CF1706B Making Towers

You have a sequence of $ n $ colored blocks. The color of the $ i $ -th block is $ c_i $ , an integer between $ 1 $ and $ n $ . You will place the blocks down in sequence on an infinite coordinate grid in the following way. 1. Initially, you place block $ 1 $ at $ (0, 0) $ . 2. For $ 2 \le i \le n $ , if the $ (i - 1) $ -th block is placed at position $ (x, y) $ , then the $ i $ -th block can be placed at one of positions $ (x + 1, y) $ , $ (x - 1, y) $ , $ (x, y + 1) $ (but not at position $ (x, y - 1) $ ), as long no previous block was placed at that position. A tower is formed by $ s $ blocks such that they are placed at positions $ (x, y), (x, y + 1), \ldots, (x, y + s - 1) $ for some position $ (x, y) $ and integer $ s $ . The size of the tower is $ s $ , the number of blocks in it. A tower of color $ r $ is a tower such that all blocks in it have the color $ r $ . For each color $ r $ from $ 1 $ to $ n $ , solve the following problem independently: - Find the maximum size of a tower of color $ r $ that you can form by placing down the blocks according to the rules.

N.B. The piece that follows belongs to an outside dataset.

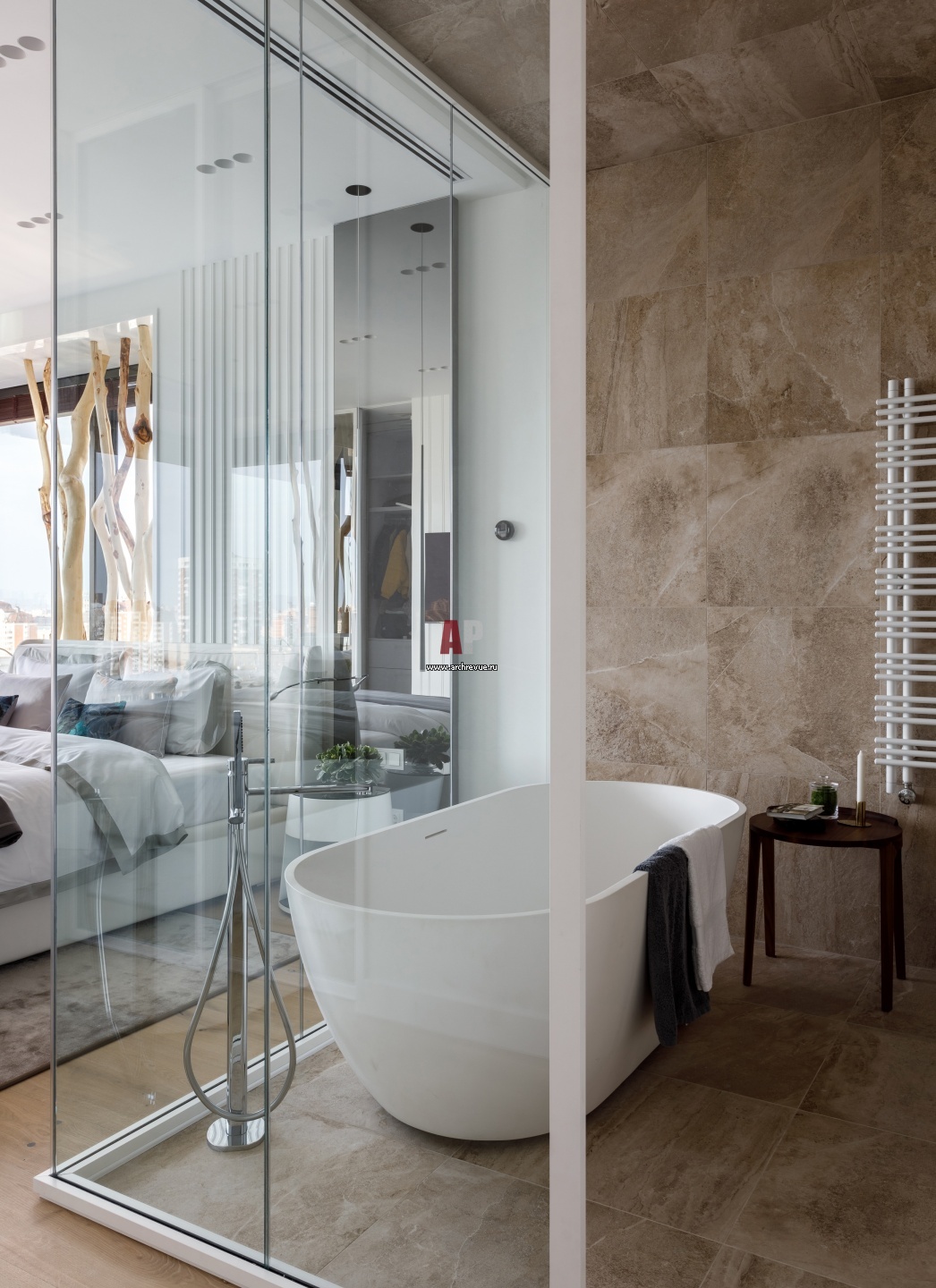 Стеклянный куб с ванной в хозяйской спальне. Пол, стены, керамогранит, Rex.

The first line contains a single integer $ t $ ( $ 1 \le t \le 10^4 $ ) — the number of test cases. The first line of each test case contains a single integer $ n $ ( $ 1 \le n \le 10^5 $ ). The second line of each test case contains $ n $ integers $ c_1, c_2, \ldots, c_n $ ( $ 1 \le c_i \le n $ ). It is guaranteed that the sum of $ n $ over all test cases does not exceed $ 2 \cdot 10^5 $ .

For each test case, output $ n $ integers. The $ r $ -th of them should be the maximum size of an tower of color $ r $ you can form by following the given rules. If you cannot form any tower of color $ r $ , the $ r $ -th integer should be $ 0 $ .

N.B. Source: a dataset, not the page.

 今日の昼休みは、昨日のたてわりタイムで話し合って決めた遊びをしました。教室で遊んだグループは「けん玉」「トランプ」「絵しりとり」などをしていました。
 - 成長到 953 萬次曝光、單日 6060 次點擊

In the first test case, one of the possible ways to form a tower of color $ 1 $ and size $ 3 $ is: - place block $ 1 $ at position $ (0, 0) $ ; - place block $ 2 $ to the right of block $ 1 $ , at position $ (1, 0) $ ; - place block $ 3 $ above block $ 2 $ , at position $ (1, 1) $ ; - place block $ 4 $ to the left of block $ 3 $ , at position $ (0, 1) $ ; - place block $ 5 $ to the left of block $ 4 $ , at position $ (-1, 1) $ ; - place block $ 6 $ above block $ 5 $ , at position $ (-1, 2) $ ; - place block $ 7 $ to the right of block $ 6 $ , at position $ (0, 2) $ . The blocks at positions $ (0, 0) $ , $ (0, 1) $ , and $ (0, 2) $ all have color $ 1 $ , forming an tower of size $ 3 $ . In the second test case, note that the following placement is not valid, since you are not allowed to place block $ 6 $ under block $ 5 $ : It can be shown that it is impossible to form a tower of color $ 4 $ and size $ 3 $ .